Le probleme c'est que quand je fais la manipulation, mon ipod devient noir, et il n'y a pas ecrit le message sur itunes (itunes a detecté un ipod en mode de recuperation) sur itunes, sa fait comme si mon ipod est pas connecté! Est sur quickfreedom il m'indique que mon ipod n'est pas connecté! J'avoue en plus que mon ipod était jailebreaké et que c'est horrible de ne plus pouvoir le faire, c'est comme donner de l'argent a un sdf et aprés, le reprendre imaginez comment le sdf doit etre degouté!


----------



## Anonyme (7 Juin 2009)

thepunkk a dit:


> Le probleme c'est que quand je fais la manipulation, mon ipod devient noir, et il n'y a pas ecrit le message sur itunes (itunes a detecté un ipod en mode de recuperation) sur itunes, sa fait comme si mon ipod est pas connecté! Est sur quickfreedom il m'indique que mon ipod n'est pas connecté! J'avoue en plus que mon ipod était jailebreaké et que c'est horrible de ne plus pouvoir le faire, c'est comme donner de l'argent a un sdf et aprés, le reprendre imaginez comment le sdf doit etre degouté!



Ecoute, je suis certain que ton Ipod est récupérable!

Mais ton excuse est ridicule! Les risque du Jailbreak sont connus. C'est comme si le SDF avait été miser tout son argent dans une course de cheveaux et a tout perdu! Si en plus il vient réclamer son argent, je n'écoute plus le SDF!

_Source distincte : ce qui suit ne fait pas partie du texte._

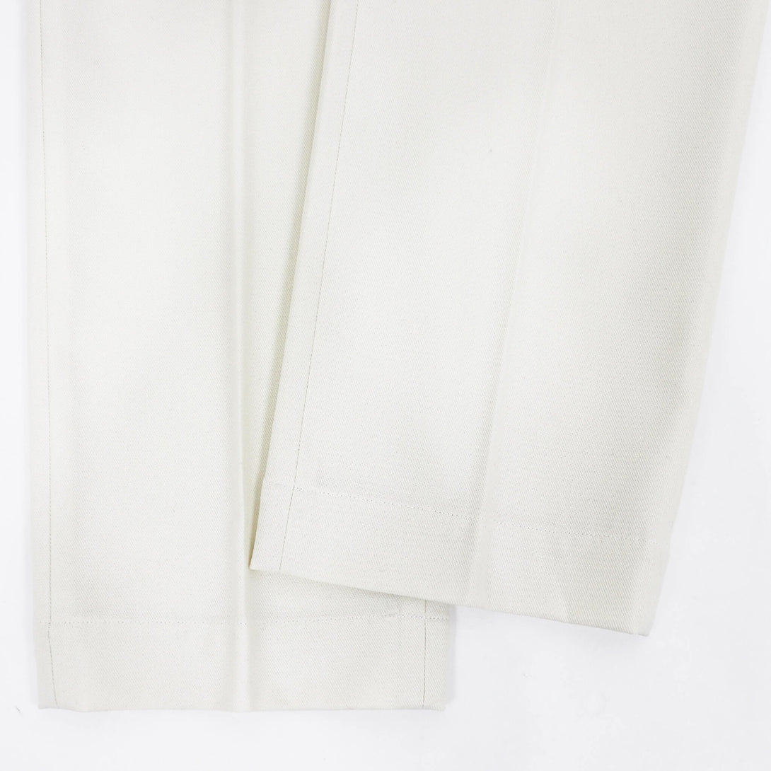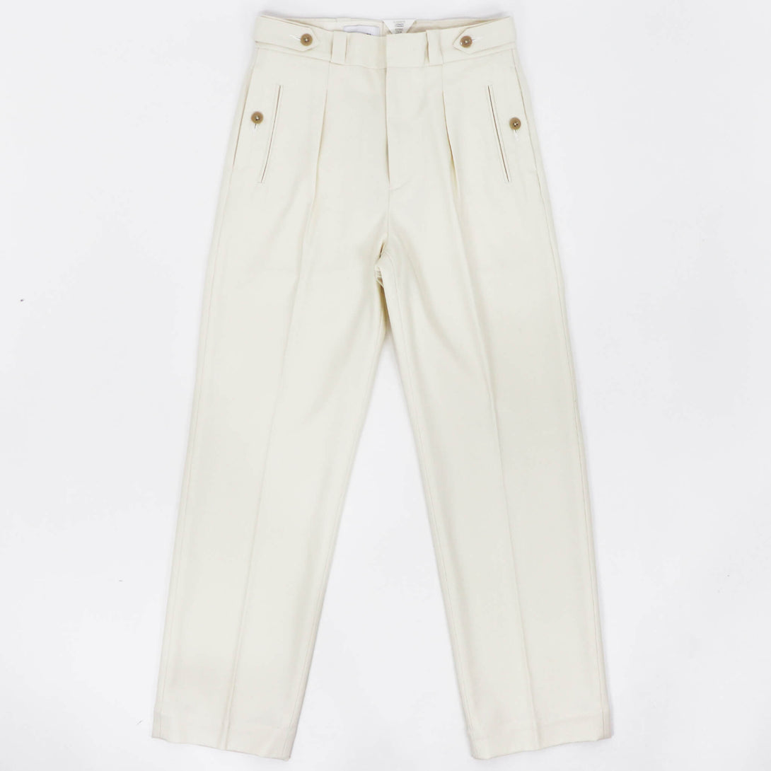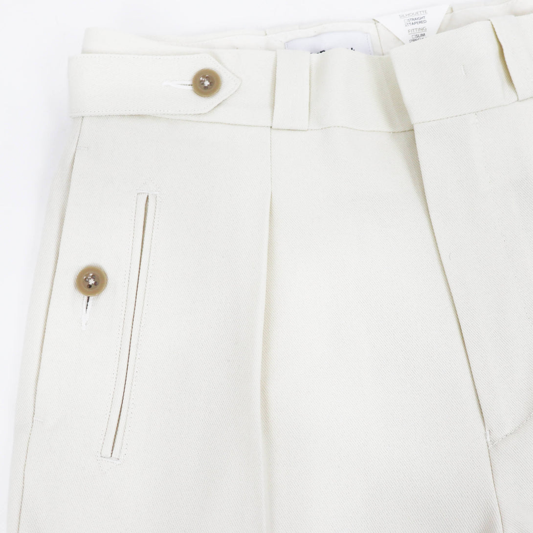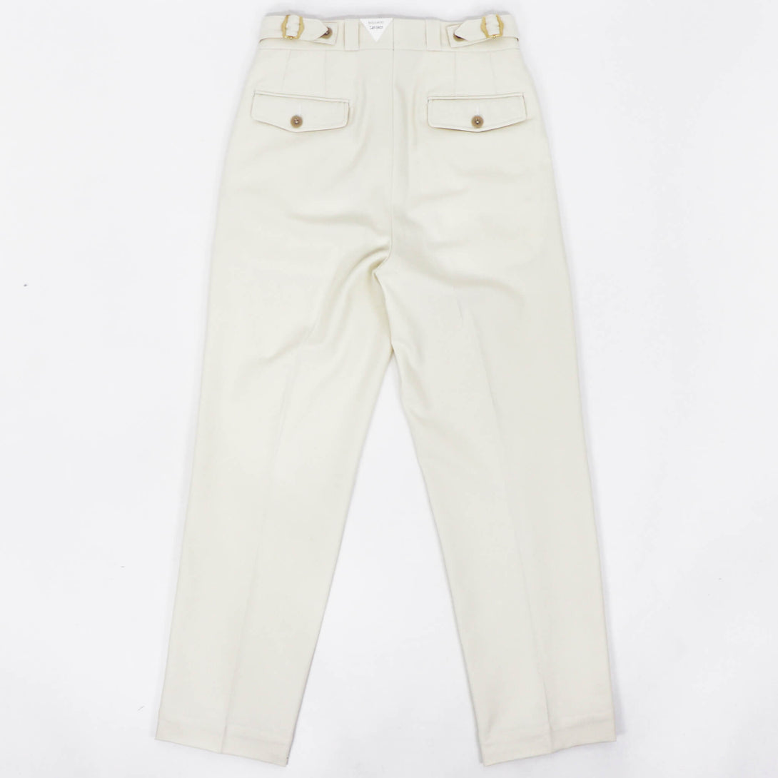 フロントは1プリーツで、ジャケット合わせの相性も考慮し、絞り用の裾のドローコードは排除されすっきりした足元に。テイラードパンツで使用されるプリーツ入りのマーベルトと芯地を使用し吸いつくような腰回りの着心地を実現。膝から裾にかけてきれいにゆるやかにテイパードしており、フィッティングはややゆったり目のレギュラーフィット。遊びのきいたディテールの多いオリジナリティある一本。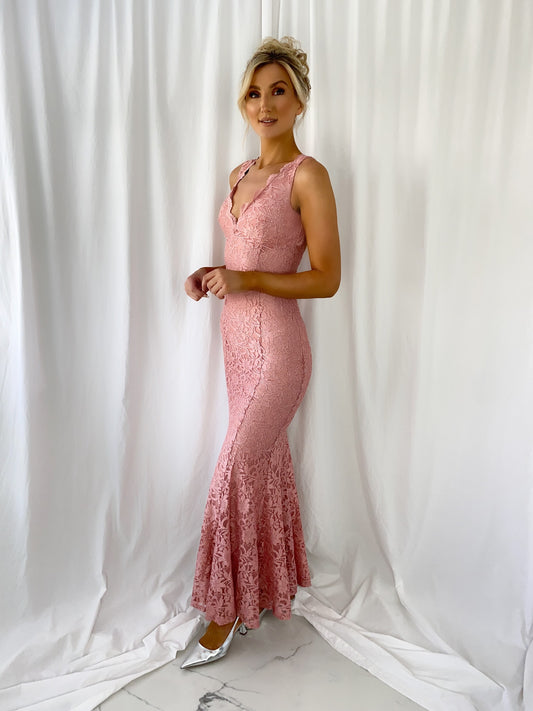 Madisson Pleated Maxi Glitter Dress - Rose

Je suis un peu dur dans mes propos car je suis convaincu qu'avec de la patience tu récupéreras ton Ipod, mais ne viens pas râler des problemes du Jailbreak!


----------



## thepunkk (7 Juin 2009)

Mais comment pourrai-je faire pour réparer ce probleme?


----------



## thepunkk (14 Juin 2009)

désolé pour cette reponse tardive, j'ai rencontré pas mal de probleme quand j'ai reformaté mon pc, maintenant tous vas bien, j'ai reussi a mettre mon ipod en mode dfu, il devais y avoir un probleme avant.
merci de votre aide a tous!


----------



## Anonyme (14 Juin 2009)

thepunkk a dit:


> désolé pour cette reponse tardive, j'ai rencontré pas mal de probleme quand j'ai reformaté mon pc, maintenant tous vas bien, j'ai reussi a mettre mon ipod en mode dfu, il devais y avoir un probleme avant.
> merci de votre aide a tous!



Ok suis super content pour toi..

Comme quoi, je l'avais dit, il est impossible de ruiner son Ipod/Iphone par manips, il exite toujours une solution pour le récupérer!


----------